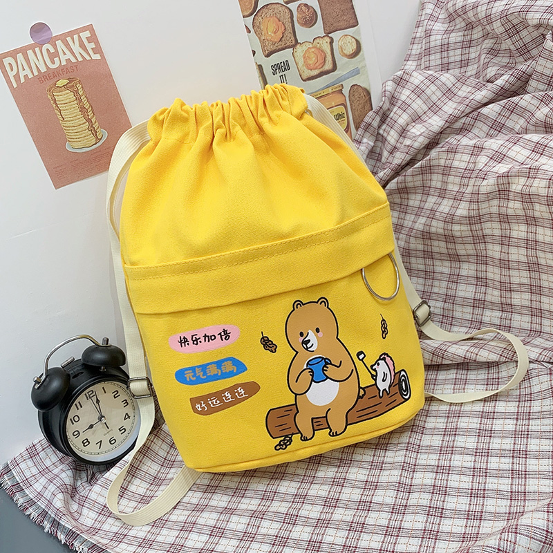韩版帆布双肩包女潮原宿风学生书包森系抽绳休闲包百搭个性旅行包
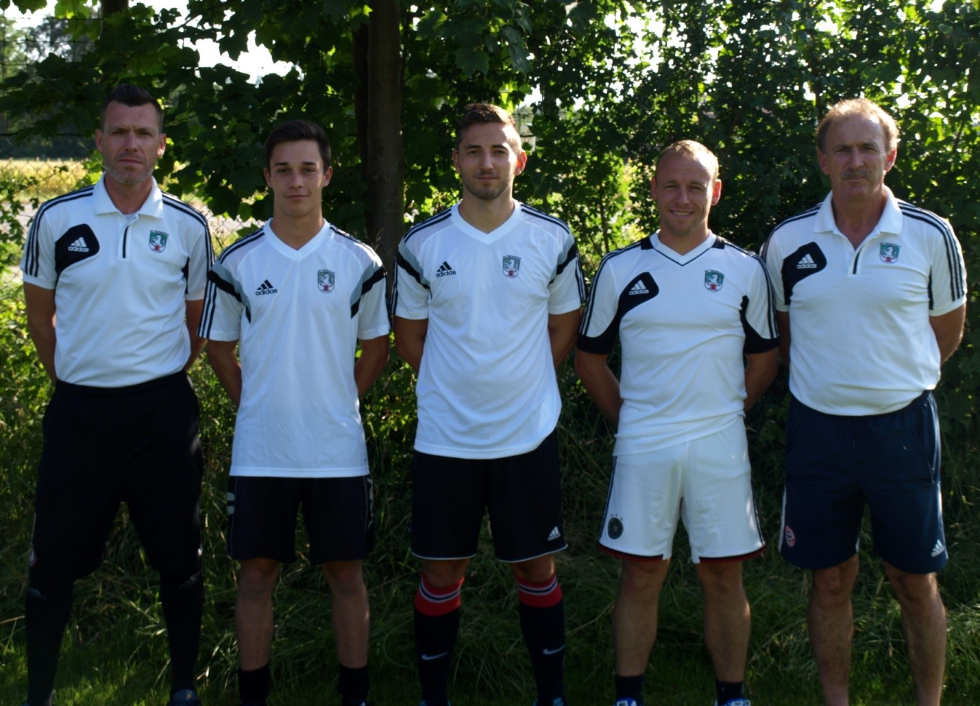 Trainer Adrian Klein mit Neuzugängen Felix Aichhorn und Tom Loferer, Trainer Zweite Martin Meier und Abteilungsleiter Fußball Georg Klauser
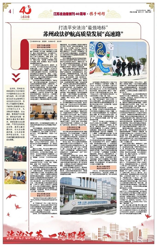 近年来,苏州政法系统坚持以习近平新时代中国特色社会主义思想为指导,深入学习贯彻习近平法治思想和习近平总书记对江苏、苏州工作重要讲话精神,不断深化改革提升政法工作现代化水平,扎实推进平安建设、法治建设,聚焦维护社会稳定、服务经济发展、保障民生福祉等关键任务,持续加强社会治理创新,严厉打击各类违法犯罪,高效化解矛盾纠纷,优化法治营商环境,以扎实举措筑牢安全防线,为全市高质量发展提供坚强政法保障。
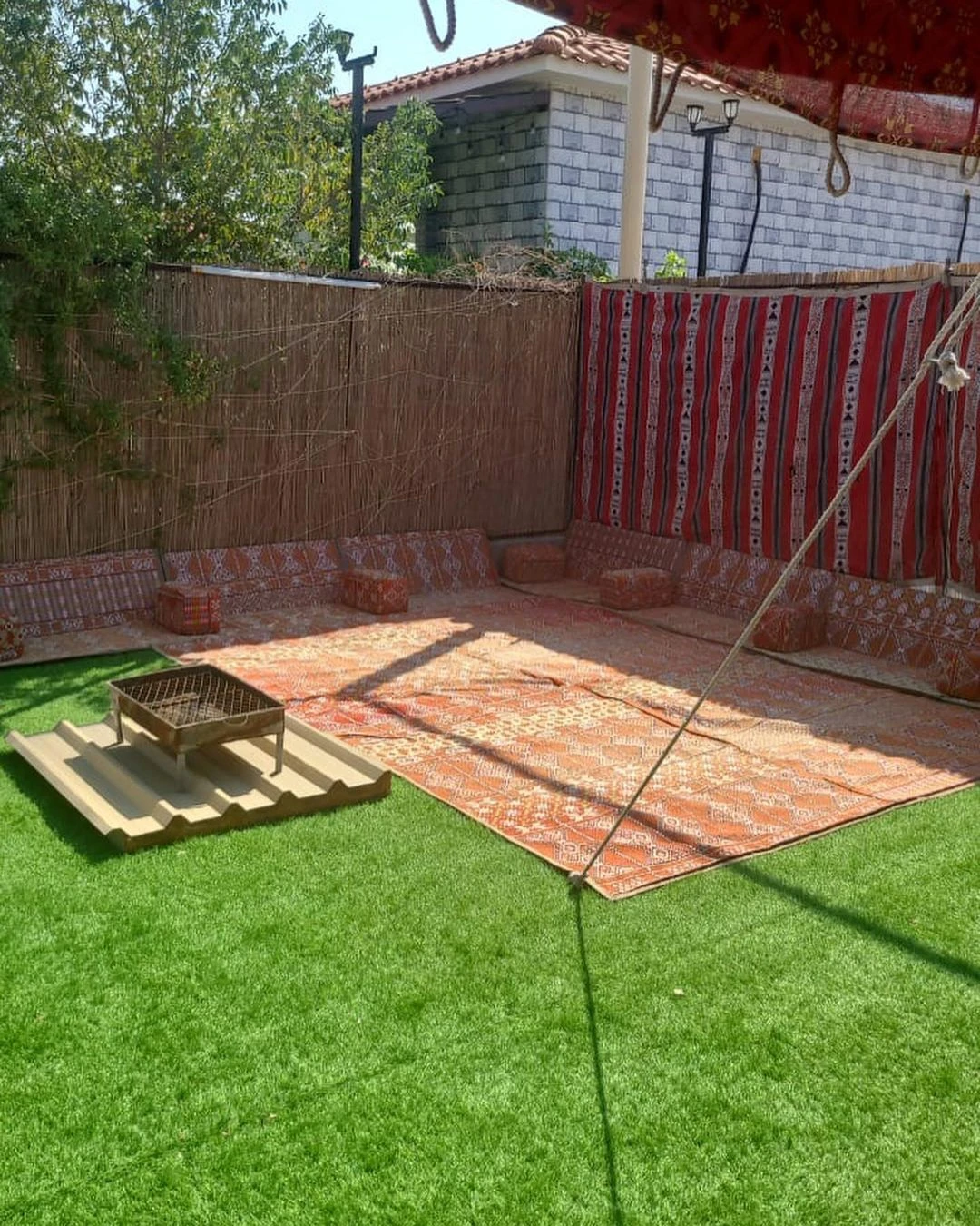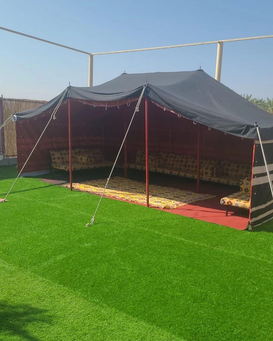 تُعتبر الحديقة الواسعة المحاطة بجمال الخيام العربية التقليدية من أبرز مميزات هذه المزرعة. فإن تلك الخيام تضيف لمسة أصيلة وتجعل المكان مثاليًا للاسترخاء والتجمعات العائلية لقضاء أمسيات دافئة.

Activity:
Pictures are not part of the copy. Restate everything else in the listing word for word.

Finished task:
韩版帆布双肩包女潮原宿风学生书包森系抽绳休闲包百搭个性旅行包
 Trainer Adrian Klein mit Neuzugängen Felix Aichhorn und Tom Loferer, Trainer Zweite Martin Meier und Abteilungsleiter Fußball Georg Klauser
 近年来,苏州政法系统坚持以习近平新时代中国特色社会主义思想为指导,深入学习贯彻习近平法治思想和习近平总书记对江苏、苏州工作重要讲话精神,不断深化改革提升政法工作现代化水平,扎实推进平安建设、法治建设,聚焦维护社会稳定、服务经济发展、保障民生福祉等关键任务,持续加强社会治理创新,严厉打击各类违法犯罪,高效化解矛盾纠纷,优化法治营商环境,以扎实举措筑牢安全防线,为全市高质量发展提供坚强政法保障。
 تُعتبر الحديقة الواسعة المحاطة بجمال الخيام العربية التقليدية من أبرز مميزات هذه المزرعة. فإن تلك الخيام تضيف لمسة أصيلة وتجعل المكان مثاليًا للاسترخاء والتجمعات العائلية لقضاء أمسيات دافئة.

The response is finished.